- Developer: Qene Technology
- Publisher: Gebeya
- Director: Dawit Abraham
- Platforms: Android, iOS, Microsoft Windows
- Release: Android April 2018; iOS 18 October 2021;
- Genre: Endless runner
- Mode: Single-player

= Kukulu =

2018 video game

Kukulu (Amharic: ኩኩሉ) is an endless runner video game developed by Ethiopian video game studio Qene Technology and published by Gebeya. Available on iOS and Android operating system, it was released in April 2018, and garnered over 3,000 downloads on the Google Play Store as of August 2018.

The player controls a chicken named Kukulu during running to avoid capture by her owner and his dog. Additional characters include a dove and crow that assist the player by dropping power-ups and Kukulu should manage to collect small seeds named "kolo" to accelerate energy.

==Gameplay==
Kukulu is an endless runner game that involves the character of a chicken named "Kukulu" chased by an old man in a small village in Ethiopia. During the running, two guiding birds, "Ergeb" (dove) and "Qura" (crow) assisted her the way, dropping power-ups. These power-ups used for avoiding oncoming obstacles. Collecting the bright colored bean known as "kolo" gives energy to the character. There are also magical items throughout the game, which occasionally aid to gain power. Collision from any obstacles would result in capture by the old man along with his dog.

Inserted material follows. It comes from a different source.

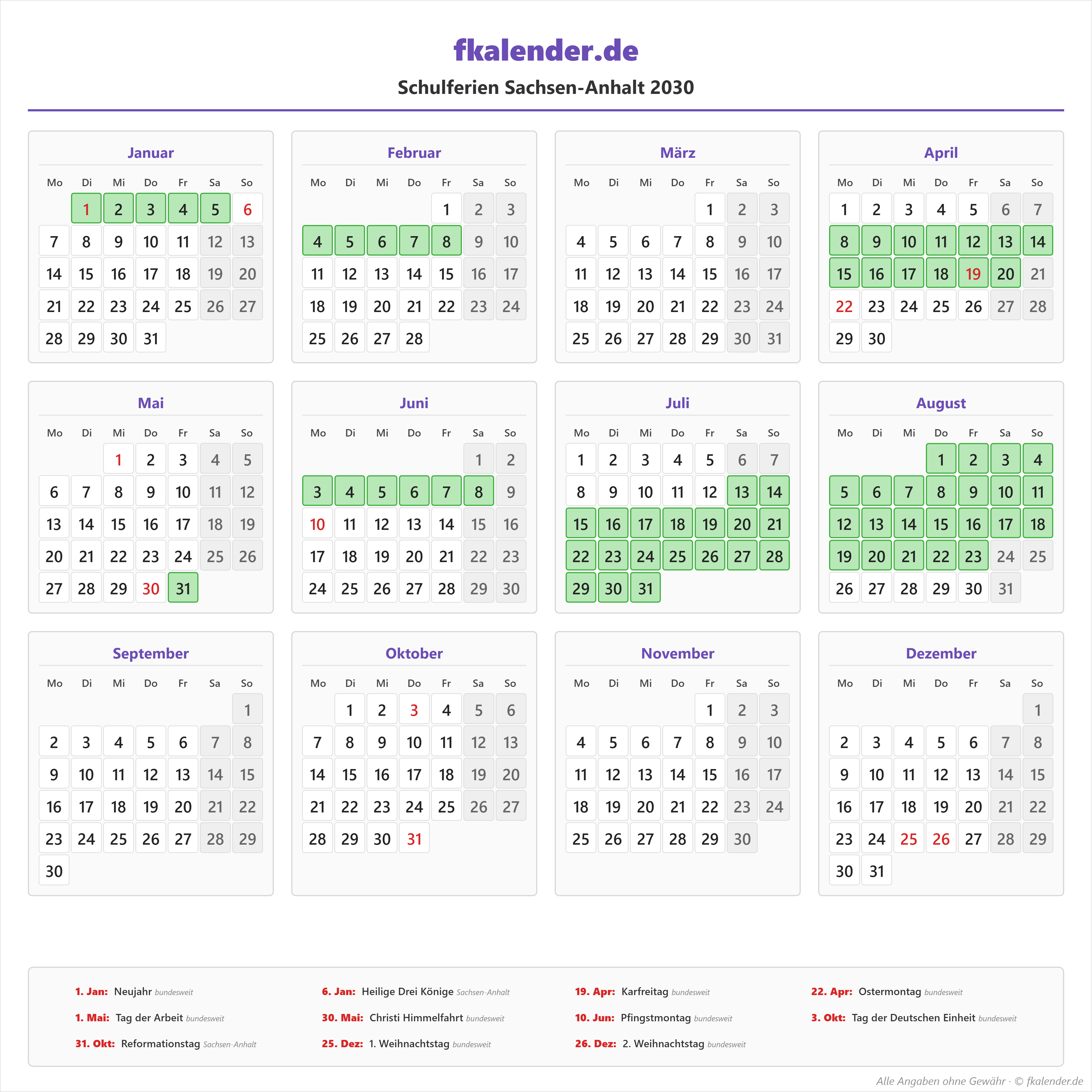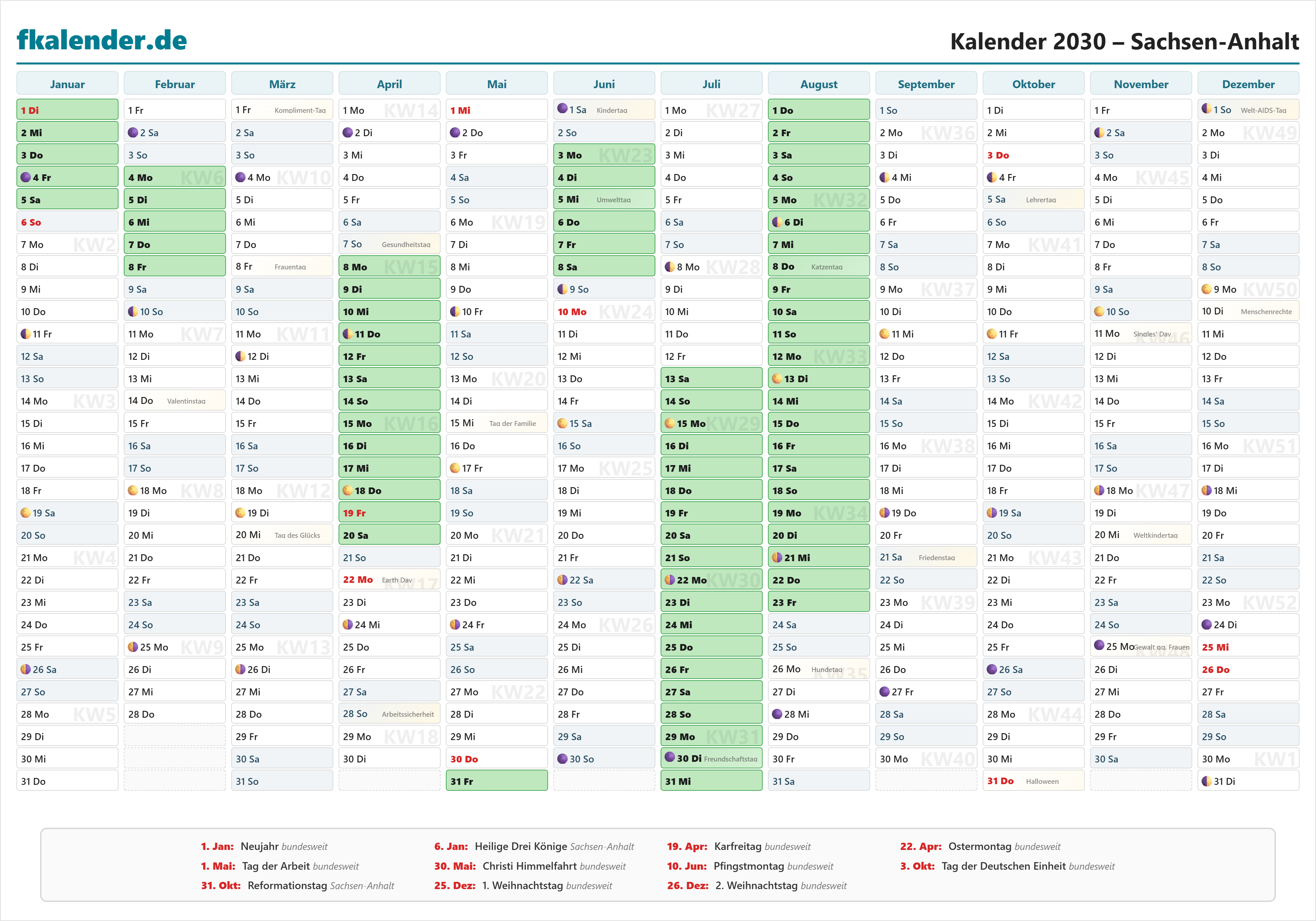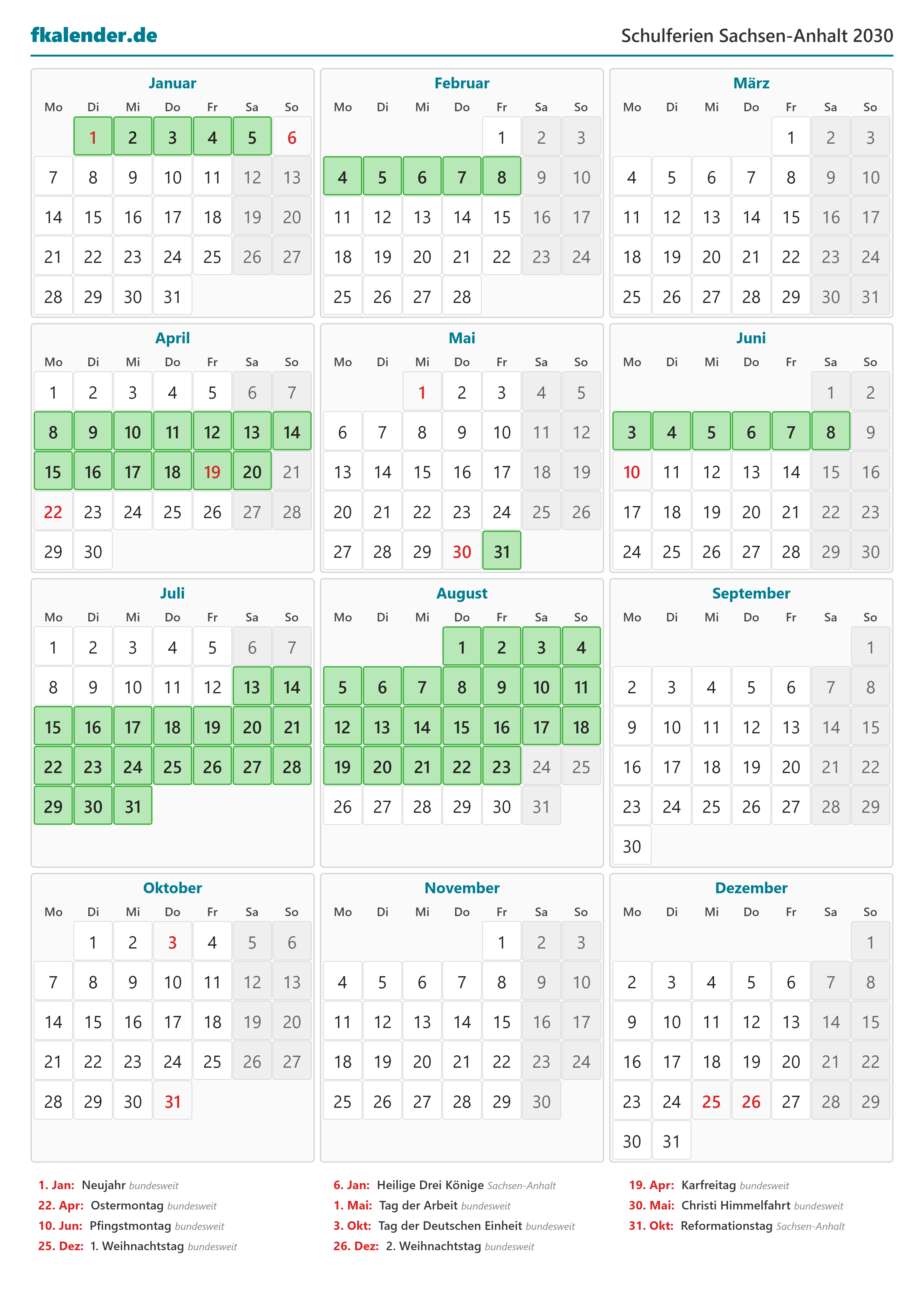 Ferienkalender Sachsen-Anhalt 2030 herunterladen

==Development and premise==
Qene Technology was founded in January 2017 by CEO and lead game developer Dawit Abraham along with Samrawit Demeke and Henok Teklu. The initial objective of the company was to "create African themed fictional superheroes". In conversation with Dawit Abraham and Samrawit Demeke, they explained Africa is still "underrepresented in gaming industry", and the game's entire model is uniquely "African design" with provision of premium quality. The developers wanted to distribute the game with small scale market before they met with colleagues Amadou Daffe and Hiruye Amanuel, co-founders of Gebeya. According to Dawit, "Gebeya incubated Kukulu, and we were able to finance the production and many other cost of the game".

==Plot==
The game opens with cutscene of newborn abandoned chicken hatching from egg. After her growth and bear children, she encounters an old man and his dog before her capture and thrown into the cage. Luckily, the chicken is escaped by two different birds from the house and give magical force that could open the cage to free the fowl.

An old man enters the house holding a knife to butcher the chicken, but the bird intimidatingly managed to escape the man, and chasing begins.

==Reception ==
In June 2018, Kukulu was awarded Best Media and Entertainment Award at the AppsAfrica.